Airbus May Get Emirates' Order for 100 A350s
By Massoud A. Derhally, Shanghai Daily | Apr. 12, 2007
The chances of Airbus in securing a 100-plane order for its A350 XWB from Emirates have improved since the plane maker came up with a wider body and new wing for the airliner, the carrier's president said.
"There was a canyon between the Boeing's 787 and the A350," Tim Clark said in an interview on April 10 after returning from Airbus's base in Toulouse, France, where he inspected the A350. "Now that gap has closed. Airbus listened. They knew that the 787 was making great inroads because the 787 is a great machine."

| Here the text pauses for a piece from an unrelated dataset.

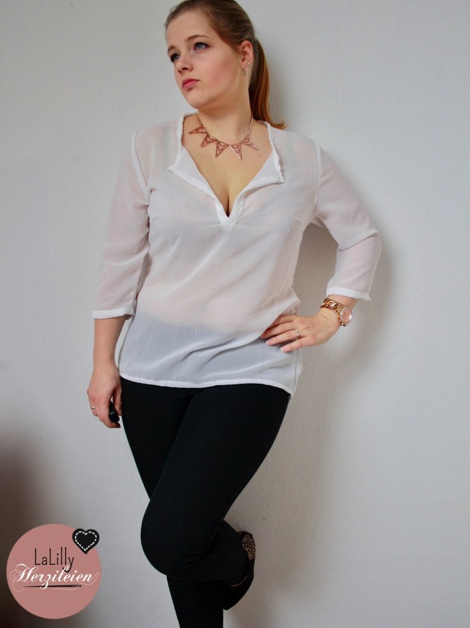 EIne weiße Chiffonbluse stand schon seit Jahren auf meiner Wunschliste für meinen Kleiderschrank. Weiße Blusen sind immer seriös- mit Chiffon aber durch die Transparenz trotzdem raffiniert- und eine echte Herausforderung in Sache Geduld! Denn Chiffon will gut versäubert werden um nicht schon beim Vernähen auszufransen, und ist beim Einfassen von Ausschnitt und Ärmelsäumen flutschig und ein wenig unberechenbar….

Airbus, the world's biggest maker of commercial aircraft, won clearance from parent company European Aeronautic Defence & Space in December to develop a wider version of the 250-to-350-seat A350, after airlines snubbed the original design as too derivative of Airbus's current A330 model. The redesign is the plane maker's sixth attempt to offer a rival to the 787, Bloomberg News said.
"This will definitely put price pressure on Boeing, but it's nothing they weren't expecting," said Richard Pinkham, a Singapore-based consultant with the Centre for Asia Pacific Aviation, in an interview on April 11. "They had a nice run where they were the only game in town, but they knew it wouldn't last."
Boeing, which has begun major assembly of the 787, called the Dreamliner, is on schedule to deliver the first one in May 2008 and is working with suppliers on how to build more to meet demand. The plane is sold out until the "back end" of 2013, program manager Michael Bair said in March.
Boeing is counting on the 787 to win back dominance of the US$60 billion jetliner market from Airbus.